Le secteur de la fintech évincé du podium au profit de la greentech

Les financements les plus importants de ce premier semestre, qui se font rares, se concentrent ainsi sur le secteur dit des greentech ou cleantech qui inclut notamment Ynsect avec 160 millions d’euros levés. Ce secteur, qui a connu une croissance importante en France (près de 15 % des 13,5 milliards levés en 2022), s'impose de plus en plus dans l’écosystème French Tech. Lors de l’annonce de la promotion 2023 du Next40/FT120, pas moins de 10 entreprises représentaient ce domaine. Côté IT, peu d’entreprises ont réussi à passer la barre des 100 M€ levés ; seulement 7 opérations supérieures à ce montant ont été relevées pour un montant total de 975 M€. Dans le détail, on retrouve Mistral AI avec 105 millions d’euros levés ainsi que Pasqal qui a réuni 100 millions d’euros en début d’année. « Ce phénomène est la traduction de la baisse massive des levées de fonds supérieures à 100 M€ (-78 %) et la disparition des levées supérieures à 300 M€ » confirme Franck Sebag.

Et cela se répercute immédiatement sur le classement des investissements par secteur. Ainsi, le secteur de la fintech a disparu du podium – après une chute de -82 % – pour laisser la place à la cleantech qui arrive en tête avec 1,2 milliard d’euros, en progression à la fois en volume et en valeur (respectivement +76 % et +26 %). La seconde place revient aux logiciels à hauteur d’un milliard d’euros (baisse de 57 % en valeur et hausse de 7 % en volume). Enfin, l’industrie des sciences de la vie occupe la troisième place avec 600 millions d’euros, malgré une baisse de -14 % en volume et de -24 % en valeur.

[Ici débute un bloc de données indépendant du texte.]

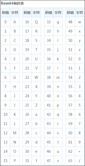 Base64编码是把每3个8位字节(3*8=24)转成4个6位字节(4*6=24),且在每个6位字节前补两个0,重新形成8位一个字节的形式,这样总的长度还是相同的,并且保证最高位不是1(即不是负数)。
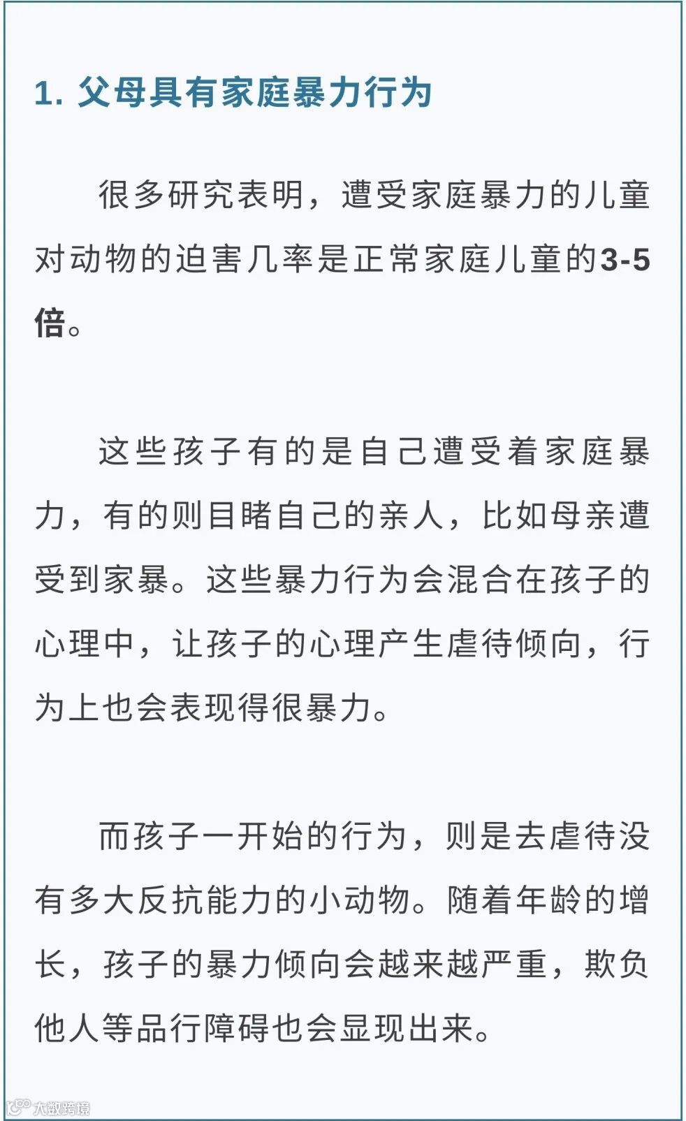 更可怕的是,一般在孩子出现此类征兆时,有的父母往往会做出选择性忽略,比如虐待小动物的行为。

L’Île-de-France, foyer incontesté des financements

Sans grande surprise, la région Île-de-France reste incontestablement un foyer fort pour l’écosystème French Tech. Les start-ups franciliennes ont, à elles seules, attiré 70 % des montants totalisant 2,98 milliards d’euros pour 228 opérations. La région Auvergne-Rhône-Alpes se hisse à la seconde place avec 8 % des investissements – avec 348 M€ pour 41 opérations – suivie par la région Provence-Alpes-Côte d'Azur, avec 7 % – soit 283 M€ pour 23 opérations.

À l’échelle européenne, le baromètre EY indique que la France est toujours en tête des pays de l’Union européenne même si son principal concurrent, l’Allemagne, est au coude à coude avec 4,2 milliards d’euros avec, comme pour la France, une baisse significative en valeur -33 % et en volume -8 %. Le Royaume-Uni reste très actif en Europe mais subit la même coupe avec une baisse de 62 % (en valeur) des montants levés sur le semestre, s’établissant ainsi à 7 milliards d’euros. Dans son rapport du premier semestre baptisé « State of european tech – First look 2023 », Atomico pointait déjà du doigt en juin dernier les difficultés auxquelles l'Europe fait face. Ainsi, les volumes d'investissement totaux sur le continent devraient atteindre environ 50 milliards de dollars pour l'ensemble de 2023, sur la base de l'activité à ce jour. « Cela représente une baisse d'environ 50 % par rapport aux records de 2021 et d'environ 38 % par rapport à 2022 ». Cependant, cela reste environ 35 à 40 % en avance sur ce qui a été observé en 2020 et 2019, signe que tout ne va finalement pas si mal.